Am-I-Engaging-in-Self-Harm-Behavior-770x470

Am I Engaging in Self-Harm Behavior?

Reading Time: 3 Minutes

Self-harm, also known as intentional self-injury behavior, is the purposeful action of inflicting physical harm on your body and is a red flag sign for emotional distress. According to psychiatrists, self-harm is appropriately recognized as nonsuicidal self-injury disorder (NSSID) as these self-harm behaviors are done without any intention of suicide. In other words, the individual is not attempting suicide or engaging in suicidal thoughts. Teenagers and adolescents are at the highest risk for self-harm behavior, with approximately 15% of teenagers and 17-35% of college students have engaged in self-harm behaviors. Females and males have comparable rates of self-harm behavior. Cutting, extreme hair pulling or skin picking, ingesting caustic chemicals, preventing wound healing, burning, extreme scratching, as well punching or hitting walls to induce pain are examples of self-injurious behaviors. These behaviors are highly troublesome for clinicians and parents. It can be tremendously challenging to decipher whether the individual is trying to take their own life or inflict pain on themselves.
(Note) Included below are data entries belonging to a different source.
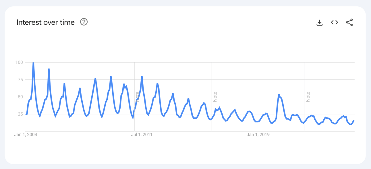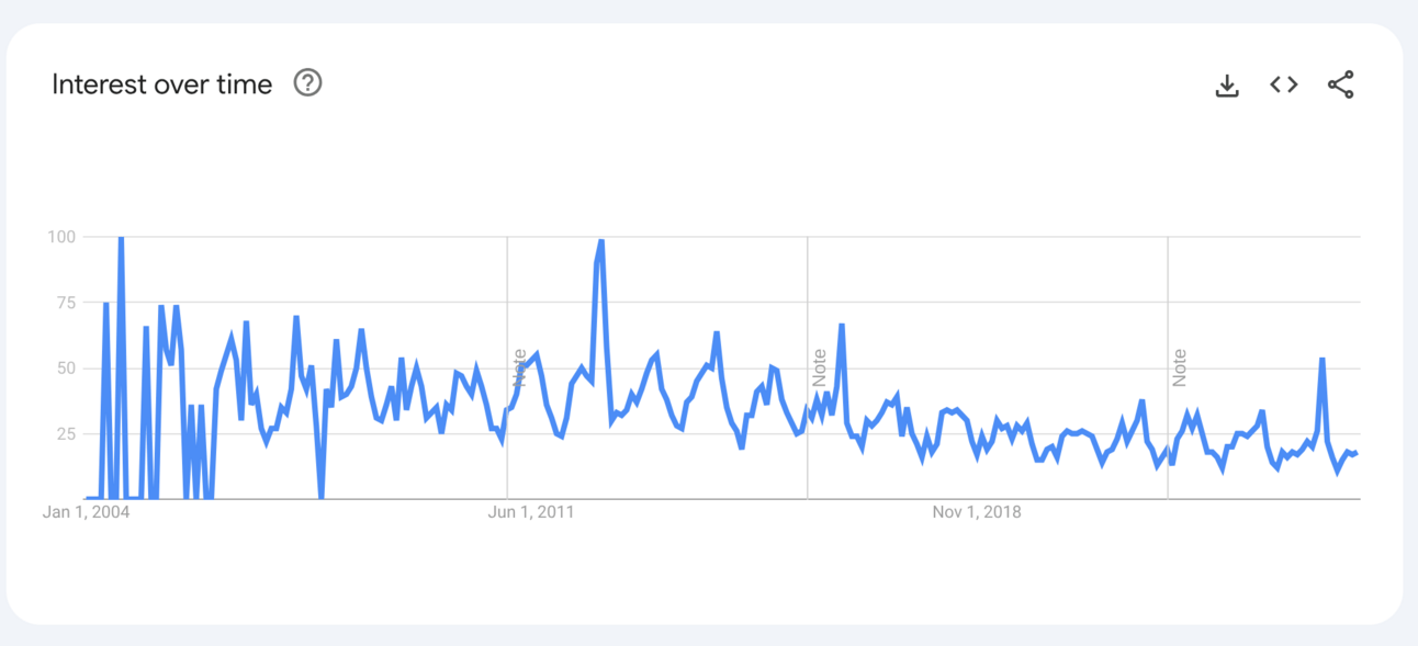 So, what was the cycling industry like during this peak, and how did it fare when the excitement around pro cycling waned? My research, based on search trends, shows that interest in road biking fell at the same time as the decline in pro cycling popularity. This can be seen by examining the interest in the search term "road bike" in the US, notably it sees a similar decline to pro cycling (see Fig. 3). Intrrestly, meanwhile, the terms “mountain bike” in the US (see Fig. 4) and “road bike” in the UK (see Fig. 5) didn’t see similar declines.This underscores that fall of road biking was unique to just road bikes and just the us. This supports my thesis that the fall of pro cycling in the US also contributed to decreased interest in road biking and, by association, road bike sales.
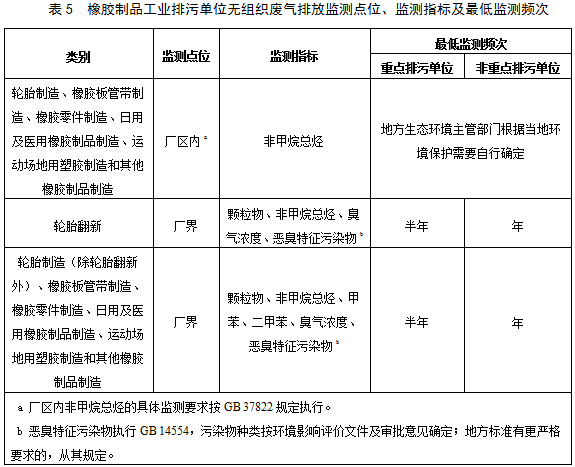 5.2.1.2橡膠制品工業排污單位有組織廢氣排放監測點位、監測指標及最低監測頻次按照表3執行。
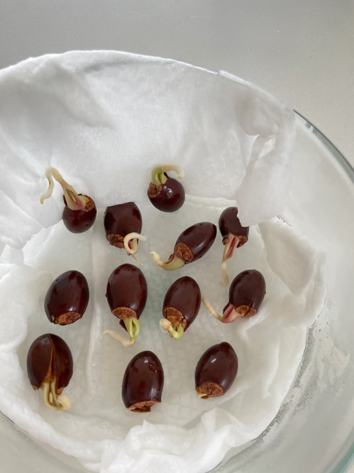 宿舍的窗台上,一个透明塑料盒里用湿润的纸巾浸泡着几颗荔枝核。它们原本只是果肉食尽后的残骸,褐黑坚硬,毫不起眼。搁在书桌一角。起初,它们像沉睡的褐色石子,毫无生气。我并未期待什么,毕竟宿舍的窗台阳光有限,而我只是想看看,这几颗被遗忘的种子,能否在这样简陋的环境里醒来。
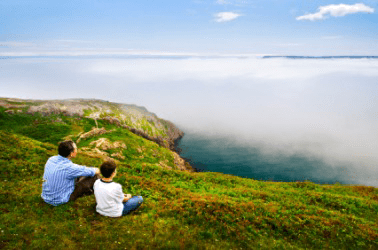 Father and son enjoy a beautiful vista.
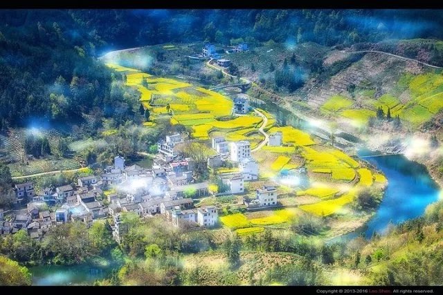 灵山村位于呈坎东南,居于灵金山、丰山之间的山谷内,每年的3月份,黑白调古村落与金黄色的油菜花完美结合,整个村落充满了灵气。
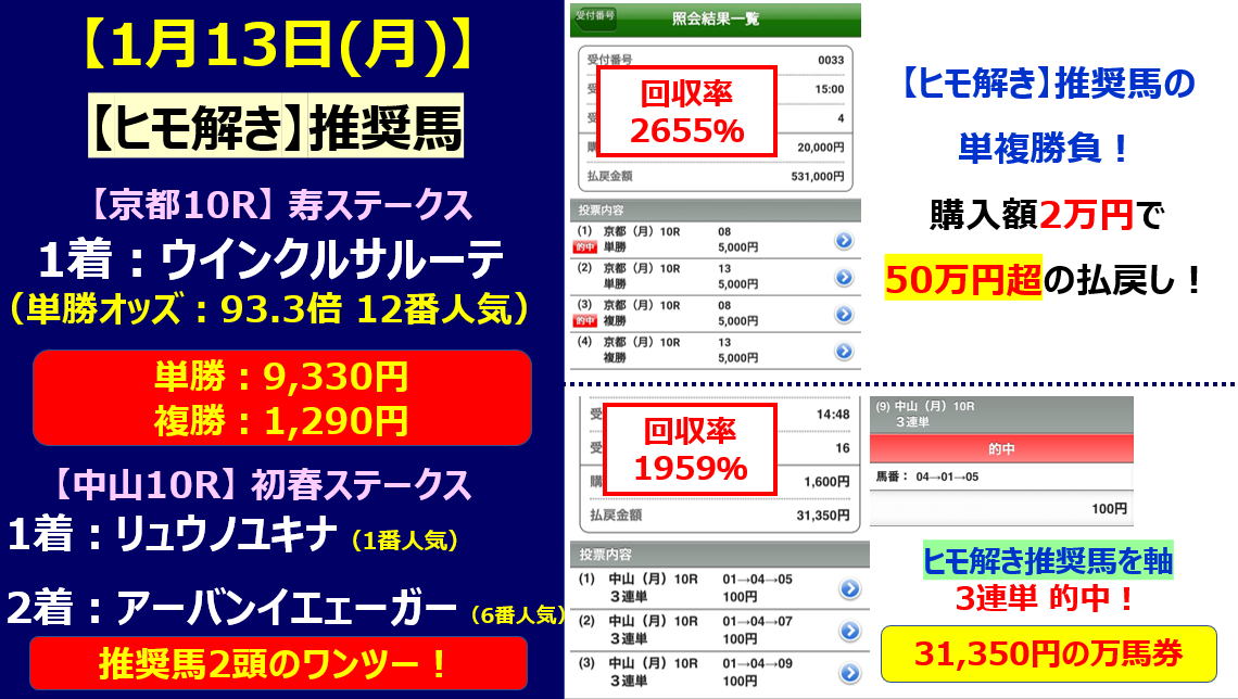50万円超の払い戻しの的中報告!
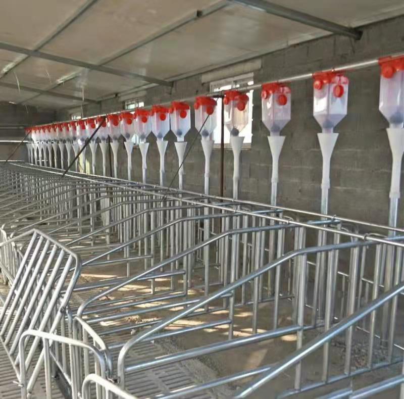 4、水管安装:上述¢20热镀锌管拉杆兼当水管,每2栏用三通连1根520 mm长¢15热镀锌管,底部用三通连接安装2只不锈钢饮水器,每10m安装1只¢15水嘴,其它包括猪舍内水管安装用材料;

When a compulsive behavior becomes an addiction

Most individuals who begin to practice self-harm do not believe they are harvesting an addiction or unhealthy behaviors. Many individuals who engage in self-harm view this behavior as a psychological release, a way to unravel their deep underlying negative emotions and thoughts. Over time, there becomes a strong desire to engage in self-harm behaviors compulsively, and individuals will often go to extremes to hide these behaviors. Wearing long sleeves in the summer to hide their scars, locking themselves in a bathroom, hoarding razors, paperclips, or other sharp objects are all compulsive behaviors associated with addiction. Individuals become addicted to self-injury behaviors because they are addicted to the release of emotions related to cutting or other self-harmful acts. The physical act of self-mutilation is a vicious cycle of pent-up anger, sadness, and loneliness that is often relieved by the quick action of physical pain induced from cutting or other forms of self-harm. This immediate relief is often coupled with a sense of euphoria and calmness that is soon replaced by anxiety and guilt. This addictive cycle continues to repeat itself. These individuals usually prefer to use self-injury behaviors instead of talking about their feelings to others because they often feel that other individuals may fail them. In contrast, self-injury provides the same reliable response every single time.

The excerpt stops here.